Seborrhoeic dermatitis is an inveterate inflammatory disease where skin areas with developed sebaceous follicles are damaged. Often Seborrhoeic dermatitis results from Malassezia furfur, the yeast-likelipophilic fungi. More than 90% of the population of these fungi are part of normal microscopic flora of skin integument.
Normally the immune system of an organism controls the microorganism’s quantity of skin integument, though under certain conditions this control can fail. The result of Seborrhoeic dermatitis is often diabetes mellitus where the presence of the number of pathogenic flora can double.
Seborrhoeic dermatitis in hair is accompanied by excessive peeling of the skin resulting in scruff, red spots, and in some cases the peeling or overlapping furfures appear on the face and trunk while the pathological process is focalized.
The keystone of Seborrhoeic dermatitis treatment should consist of proper care given to the hair and face. In some cases local anti-inflammatory medicines are prescribed.
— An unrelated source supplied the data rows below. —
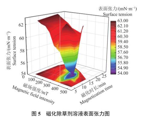 為了直觀地分析磁場(chǎng)強(qiáng)度和磁化時(shí)長(zhǎng)2個(gè)因素共同作用對(duì)除草劑溶液表面張力的影響規(guī)律,建立以磁場(chǎng)強(qiáng)度和磁化時(shí)長(zhǎng)為自變量、以溶液表面張力為因變量的二元函數(shù),使用OriginPro 2018繪制磁場(chǎng)強(qiáng)度和磁化時(shí)長(zhǎng)對(duì)表面張力影響規(guī)律的空間曲面分布圖(圖5)。由圖5可以看出,磁場(chǎng)強(qiáng)度和磁化時(shí)長(zhǎng)對(duì)溶液表面張力影響規(guī)律的空間曲面分布圖呈峰值為負(fù)值的高斯空間分布規(guī)律,即空心圓錐面分布,這說明并不是磁場(chǎng)強(qiáng)度越大或者磁化時(shí)間越長(zhǎng),除草劑溶液的表面張力就越小,而是存在處理效果最佳的磁場(chǎng)強(qiáng)度和磁化時(shí)長(zhǎng)。磁化除草劑溶液表面張力試驗(yàn)結(jié)果見表2。當(dāng)磁場(chǎng)強(qiáng)度為350 mT、磁化時(shí)長(zhǎng)為15.0 min時(shí),除草劑溶液表面張力值最小,為54.0 mN/m,下降14.96%,磁化效果最佳。
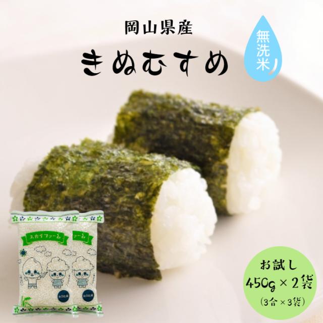 令和7年産 岡山県産 きぬむすめ 無洗米 900g【450g (3合)×2袋】米 お米 ポイント消化 送料無料 お試し メール便
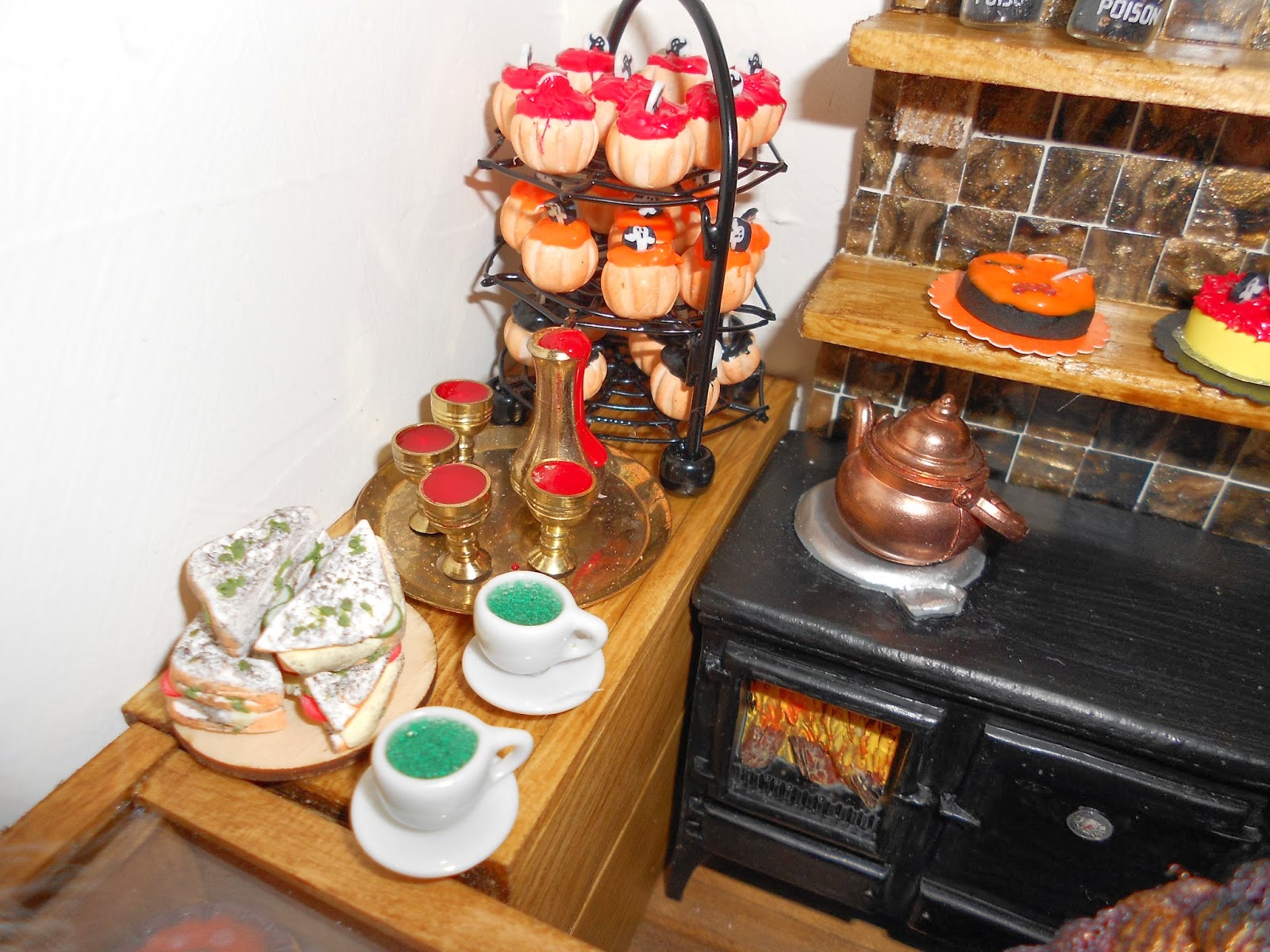 I have had a bit of a move around! As I bought Pumpkin cottage I decided to add a shelf upstairs and put that along with my little original witchy shop displayed on it. I was still really tight for space as taking that out still didn't give me enough room to add the new café as it was so much bigger. I didn't really want to extend the shelf much more as it would come over the light switch and I just felt it would look too much. In the end we decided a small curved shelf at the end on either side would give me a little bit more space without really making it look much different!
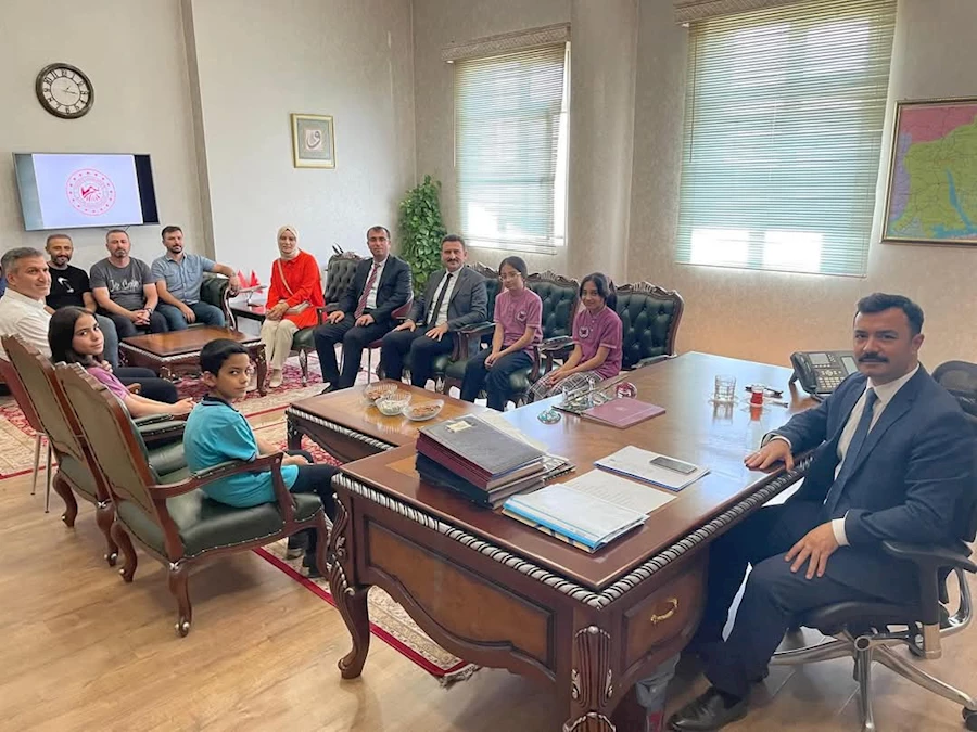 Başarılarıyla gurur kaynağı olan öğrenciler, öğretmenleri ve İlçe Millî Eğitim Müdürü Sayın Lütfü Başlı ile birlikte Kahta Kaymakamı Sayın Muhammed Üsame Soysal’ı makamında ziyaret etti.
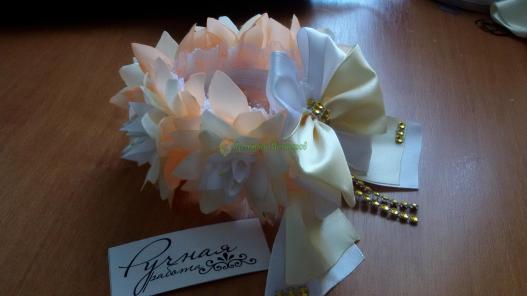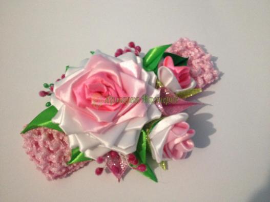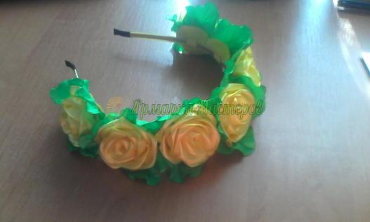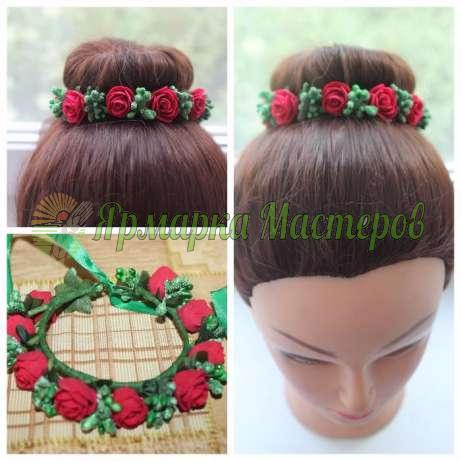 ободок -метал декорированый лентой, розы и листики

Good results for Seborrhoeic dermatitis come from uv light therapy. Narrow band UVB 311 nm lamps allow you to achieve the desired effect sooner and extend the remission time at maximum. It is also effective to use uvb light treatment for vitiligo. In the context of Seborrhoeic dermatitis phototherapy sessions are carried out 3 times a week. As a maintenance therapy, it is possible to conduct phototherapy 1-2 times a week. More details about Philips Narrowband Lamps for UVB Phototherapy you can finf here: https://uvb-lamps.com/blog/philips-narrowband-lamps-for-uvb-phototherapy/.
Seborrhoeic dermatitis tends to chronicity. Recrudescence most likely occurs in Autumn and Spring. Intensity of symptoms may increase in cases of changes to the diet including: excessive use of sugar, alcohol, and some spices.